I don't understand sepsis. Ok I know Sepsis is SIRS (Systemic inflammatory response syndrome) to an infection. But I'm confused with these scenarios.

1) Lets say I have a UTI in kidney. The immune system localises the infection to kidney and causes massive inflammation in that area and fights the disease, with out allowing it to spread to otherarea. Now is this Sepsis? If it is not what do you call it? Here also inflammation towards infection occurs so why is it not called sepsis? Does CRP increase in this scenario?

2) Lets say I have a UTI in kidney. It spreads to all areas in body. Massive systemic inflammation occurs towards the infection. I'm assuming this is sepsis?, then what do you call scenario 1 I described. What happens to CRP in this condition.
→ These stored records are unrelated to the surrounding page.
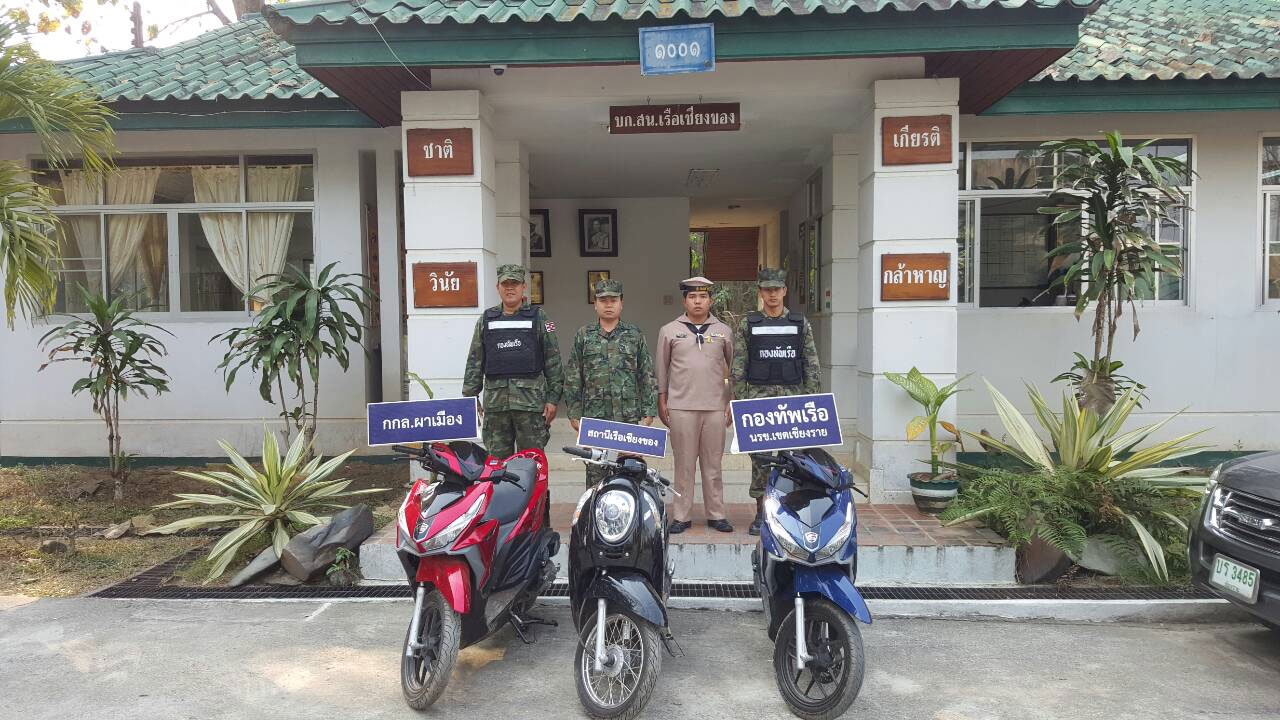 เมื่อวันที่ 19 ก.พ. น.อ.ชลทัย รัคนเรือง ผบ.นรข.เขตเชียงราย และ น.ท.นันทพล นาคสุวรรณหน.ยก.ขว.นรข.เขตเชียงราย ได้รับรายงานว่า จะมีการลักลอบนำรถจจักรยานยนต์ส่งขายประเทศเพื่อนบ้าน โดยไม่ผ่านพิธีการของศุลกากร ด้านพื้นที่ อ.เวียงแก่น จึงสั่งการให้ น.ต.จาตุรงค์ ขจรฟุ้ง หัวหน้าสถานีเรือเชียงของ จัดชุดเข้าซุ่มตรวจบริเวณป่าข้าวโพดริมฝั่งแม่น้ำโขง ใกล้จุดผ่อนปรนบ้านแจมป๋อง ต.หล่ายงาว อ.เวียงแก่น ตั้งแต่เวลา 20.00 น.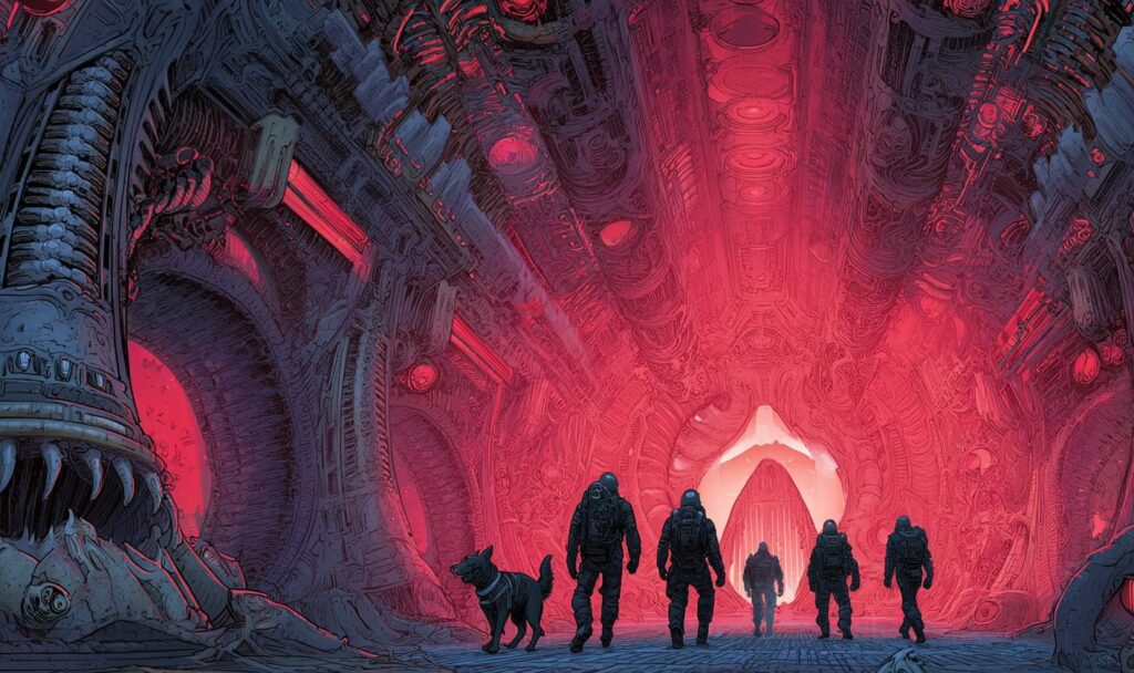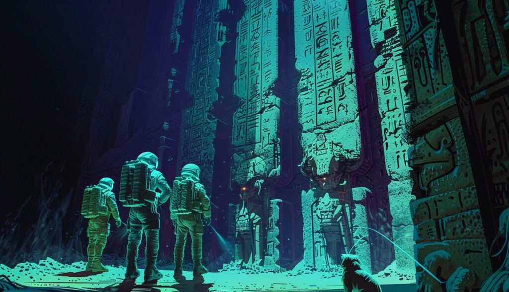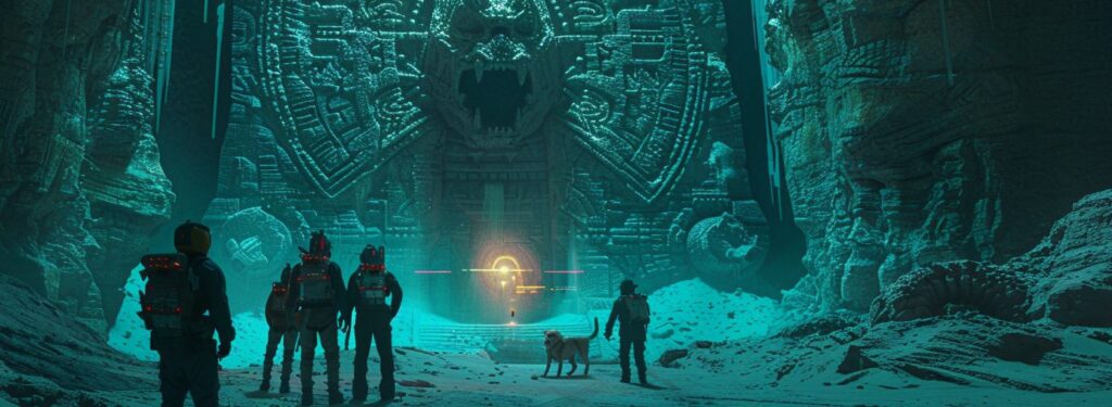 Fünf Astronauten und ihr treuer Hund treten vorsichtig in einen Tempel ein, dessen Wände von unheimlichen, sich verschmelzenden Alien-Figuren bedeckt sind. Jeder Schritt hallt in den gewölbten Hallen wider, als ob die Struktur selbst auf ihre Präsenz reagiert. Ein kühler, metallischer Geruch liegt in der Luft, und die Schatten scheinen sich zu bewegen.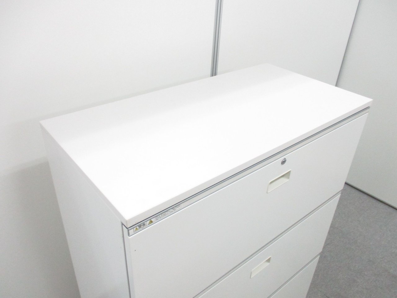 【人気3段ラテラルの小さめサイズ!天板付きのローキャビネット!】■イトーキ(ITOKI)製 シンライン(THIN LIN)シリーズ 3段ラテラル書庫 ローキャビネット ■天板付き ■ホワイト ■シリンダー錠 ※ラッチ日焼け有【AD】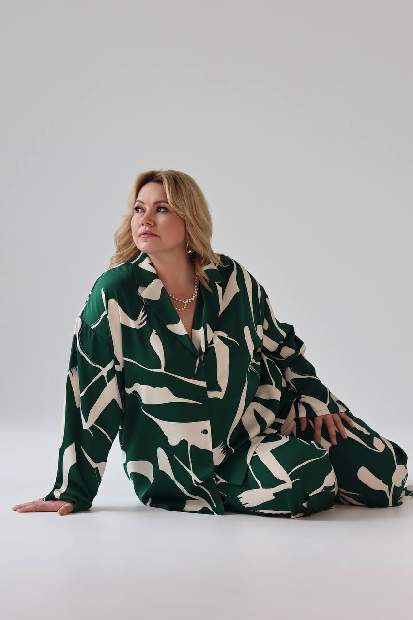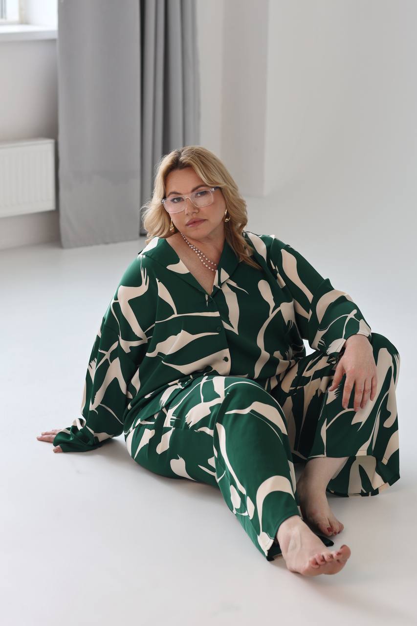 Костюм брючный пижамный "разводы" зеленый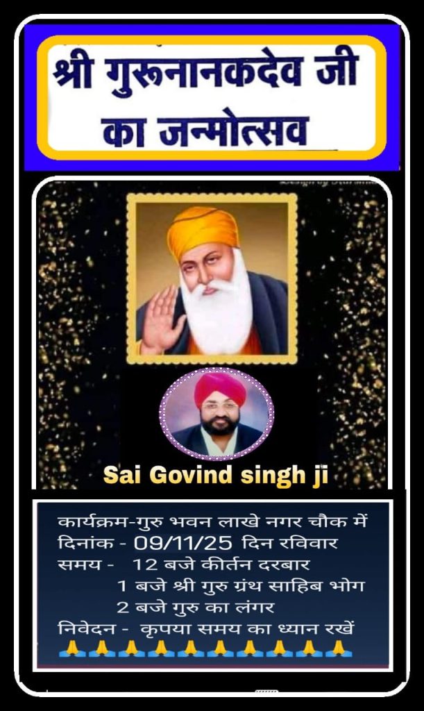 रायपुर। हर वर्ष की तरह इस वर्ष भी संत बाबा थाहिरिया सिंग संत बाबा सूरत सिंग दरबार गुरु भवन, लाखे नगर चौक में श्री गुरु नानक देव जी का जन्मोत्सव बड़े ही श्रद्धा और उत्साह के साथ मनाया जाएगा।

3) You want inflammation and immune response against infections to fight them. So why is sepsis bad?

Thanks

Posted

Sepsis is the presence of SIRS plus a likely source of infection. Based on the information given alone we couldn't be sure whether SIRS is present. Even the second case isn't necessarily sepsis if the specified parameters aren't off (though they likely are). Inflammation is a normal response but if it's local to your larynx you're in trouble - it really depends on the situation. Bottom line, sepsis kills. A lot.

 

I think maybe you're getting hung up on what are essentially arbitrary criteria when you seem to actually want to understand the pathophysiology. If the latter is the case, focus on learning immunology perhaps, the definitions of SIRS/sepsis are only really useful if you are a clinician.

  • 4 weeks later...
Posted

Sepsis basically means spread of the infection from the original site via blood to another site in the body.

 

By another definition, the mere presence of bacteria in the blood, when it does not cause symptoms, is called bacteremia, and when it does, it is called sepsis.

Posted

Prometheus's point still stands. Sepsis is an arbitrary classification. In the department I work we use it to communicate that the patient is clinically unstable and need iv antibiotics quickly. If the infection had spread to another area in the body but they were clinically fine, young and walking around I would get grilled for describing the patient to another specialty as septic as they would stop what they were doing and come down to assess. There is a lot of prioritizing in clinical practice. the term sepsis is simply used to help that.